CS2770: Computer Vision

Overview

Course description: In this class, students will learn about modern computer vision. The first part of the course will cover fundamental concepts such as filtering, extracting features and describing images, grouping features, matching features across multiple views, and convolutional neural networks. In the second part, we will cover approaches to classic tasks/topics such as object recognition, vision and language, tracking, and human pose and activity recognition. In the third part, we will overview recent and emerging topics such as self-supervised learning, domain adaptation, and visual discovery. The format will include lectures, homework assignments, exams, and a course project.

Prerequisites: CS1501 and MATH 0280 (or equivalent). The expectation is that you can program and analyze the performance of programs. Some experience with linear algebra (matrix and vector operations), basic calculus, and probability and statistics is recommended.

Piazza: Sign up for it here. Note that we will use Piazza primarily for classmate-to-classmate discussion of homework problems, etc. The instructor will not monitor Piazza, and the TA will monitor it infrequently. The time when you should ask the instructor or TA questions is during office hours.

Programming languages: For homework assignments, you can use Matlab or Python. For the course project, you can use any language of your choice.

Textbooks:

Readings from:
- Computer Vision: Algorithms and Applications by Richard Szeliski (available for free on author's page)
- Visual Object Recognition by Kristen Grauman and Bastian Leibe (accessible for free from campus)
For reference:
- Computer Vision: A Modern Approach by David Forsyth and Jean Ponce
- Computer Vision: Models, Learning, and Inference by Simon Prince (available for free on author's page)
- Pattern Recognition and Machine Learning by Christopher Bishop

[top]

Policies

Grading

Grading will be based on the following components:

Homework assignments (3 assignments x 10% each = 30%)
Project (15% first presentation + 15% second presentation = 30%)
Exams (20% first exam + 15% second exam = 35%)
Participation (5%)

Homework Submission Mechanics

You will submit your homework using CourseWeb. Navigate to the CourseWeb page for CS2770, then click on "Assignments" (on the left) and the corresponding homework ID. Your source code should be a single zip file (also including images/results if requested). Name the file YourFirstName_YourLastName.[extension]. Please comment your code! Homework is due at 11:59pm on the due date. Grades will be posted on CourseWeb.

Exams

There will be two in-class exams. The second exam is not cumulative and will not cover material from the first exam. There will be no make-up exams unless you or a close relative is seriously ill!

Participation

Students are expected to regularly attend the class lectures, and should actively engage in in-class discussions. Attendance will not be taken, but keep in mind that if you don't attend, you cannot participate. You can actively participate by, for example, responding to the instructor's or others' questions, asking questions or making meaningful remarks and comments about the lecture, answering others' questions on Piazza, or bringing in relevant articles you saw in the news. The grading rubric will be as follows: 1 = you attended infrequently, 2 = you attended frequently but did not speak in class, 3 = you attended frequently and spoke a few times, 5 = you attended and participated frequently, 4 = in between 3 and 5.

Late Policy

On your programming assignments only, you get 3 "free" late days counted in minutes, i.e., you can submit a total of 72 hours late. For example, you can submit one homework 12 hours late, and another 60 hours late. The 72-hour "budget" is total for all programming assignments, NOT per assignment. Once you've used up your free late days, you will incur a penalty of 25% from the total assignment credit possible for each late day. A late day is anything from 1 minute to 24 hours. Note this policy does not apply to components of the project.

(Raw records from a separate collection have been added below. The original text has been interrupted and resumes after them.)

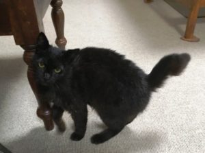 2019年3月、アイの里親候補さんが面会にいらっしゃった頃、ガレージの自転車カバー屋根の上に小柄な黒猫が昼寝していました。まだ生後6カ月くらいの野良猫です。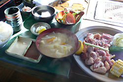 白川水源から熊本側へ500m程走ったところにある「白水の蔵」地鶏定食1730円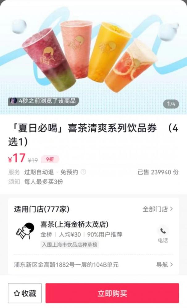 其实,喜茶正在抖音尝试这种做法。今年年初,喜茶在抖音推出团购销售,依靠微信生态内的社交裂变,换了一个场地。

Collaboration Policy and Academic Honesty

You will do your work (exams and homework) individually. The only exception is the project, which can be done in pairs. The work you turn in must be your own work. You are allowed to discuss the assignments with your classmates, but do not look at code they might have written for the assignments, or at their written answers. You are also not allowed to search for code on the internet, use solutions posted online unless you are explicitly allowed to look at those, or to use Matlab's or Python's implementation if you are asked to write your own code. When in doubt about what you can or cannot use, ask the instructor! Plagiarism will cause you to fail the class and receive disciplinary penalty. Please consult the University Guidelines on Academic Integrity.

Note on Disabilities

If you have a disability for which you are or may be requesting an accommodation, you are encouraged to contact both your instructor and Disability Resources and Services (DRS), 140 William Pitt Union, (412) 648-7890, drsrecep@pitt.edu, (412) 228-5347 for P3 ASL users, as early as possible in the term. DRS will verify your disability and determine reasonable accommodations for this course.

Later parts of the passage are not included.